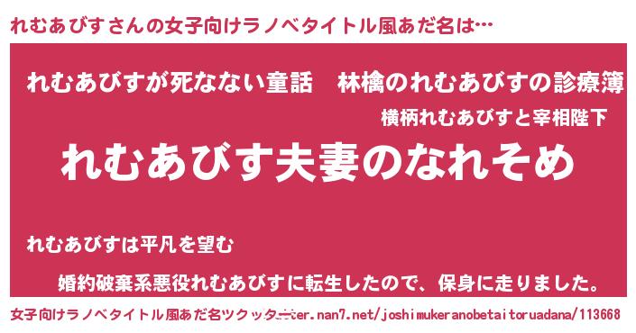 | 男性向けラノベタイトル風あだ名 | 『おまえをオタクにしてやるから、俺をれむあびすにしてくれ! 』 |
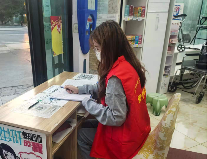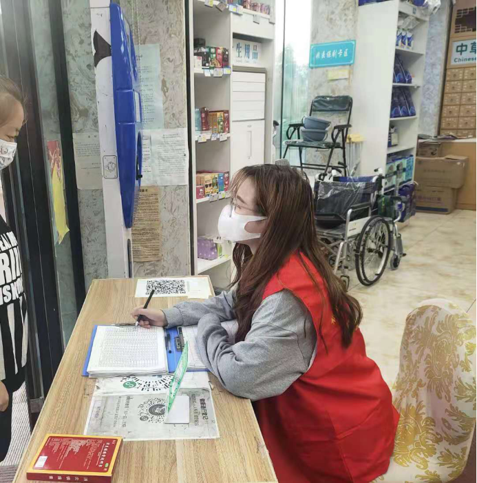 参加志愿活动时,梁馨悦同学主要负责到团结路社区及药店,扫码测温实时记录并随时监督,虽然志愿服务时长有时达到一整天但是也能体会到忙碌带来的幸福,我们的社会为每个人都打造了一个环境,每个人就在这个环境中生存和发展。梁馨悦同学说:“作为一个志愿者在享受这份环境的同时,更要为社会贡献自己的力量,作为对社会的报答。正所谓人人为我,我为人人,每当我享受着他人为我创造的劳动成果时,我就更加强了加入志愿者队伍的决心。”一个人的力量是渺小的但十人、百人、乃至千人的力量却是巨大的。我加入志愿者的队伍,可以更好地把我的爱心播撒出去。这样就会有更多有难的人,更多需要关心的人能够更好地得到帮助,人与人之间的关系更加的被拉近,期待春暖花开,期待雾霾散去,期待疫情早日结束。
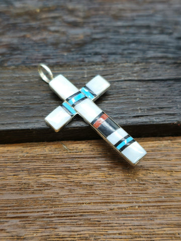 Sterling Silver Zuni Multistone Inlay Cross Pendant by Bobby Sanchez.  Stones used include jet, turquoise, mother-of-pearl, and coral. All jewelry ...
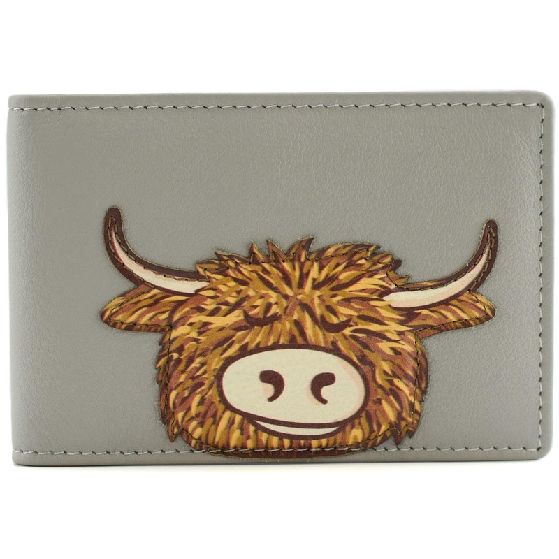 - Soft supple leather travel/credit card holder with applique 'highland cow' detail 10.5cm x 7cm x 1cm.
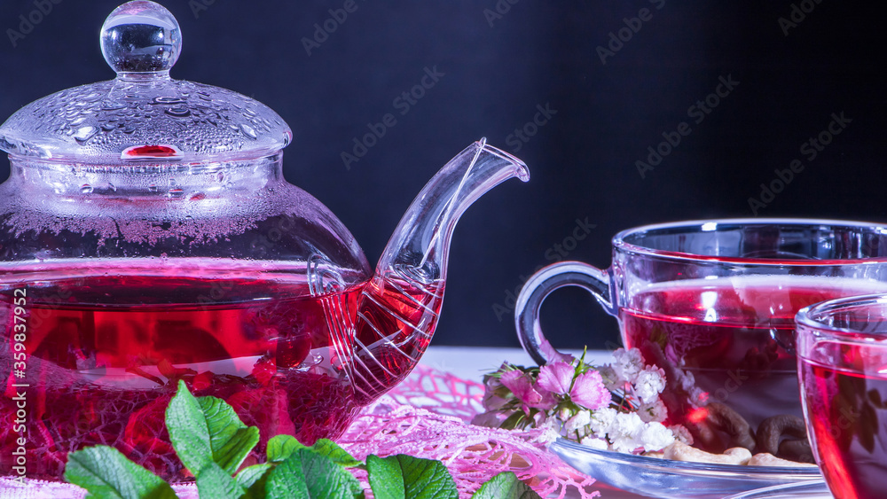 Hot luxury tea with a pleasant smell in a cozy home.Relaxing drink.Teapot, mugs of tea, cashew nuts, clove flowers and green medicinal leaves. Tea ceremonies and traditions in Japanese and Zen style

# # # #

Work to be completed >> Output exactly the lines above that lie between the line with "Sterling Silver Zuni" and the line with "- Soft supple", those two lines included, and no pictures.

Answer to this task >>
 Sterling Silver Zuni Multistone Inlay Cross Pendant by Bobby Sanchez.  Stones used include jet, turquoise, mother-of-pearl, and coral. All jewelry ...
 - Soft supple leather travel/credit card holder with applique 'highland cow' detail 10.5cm x 7cm x 1cm.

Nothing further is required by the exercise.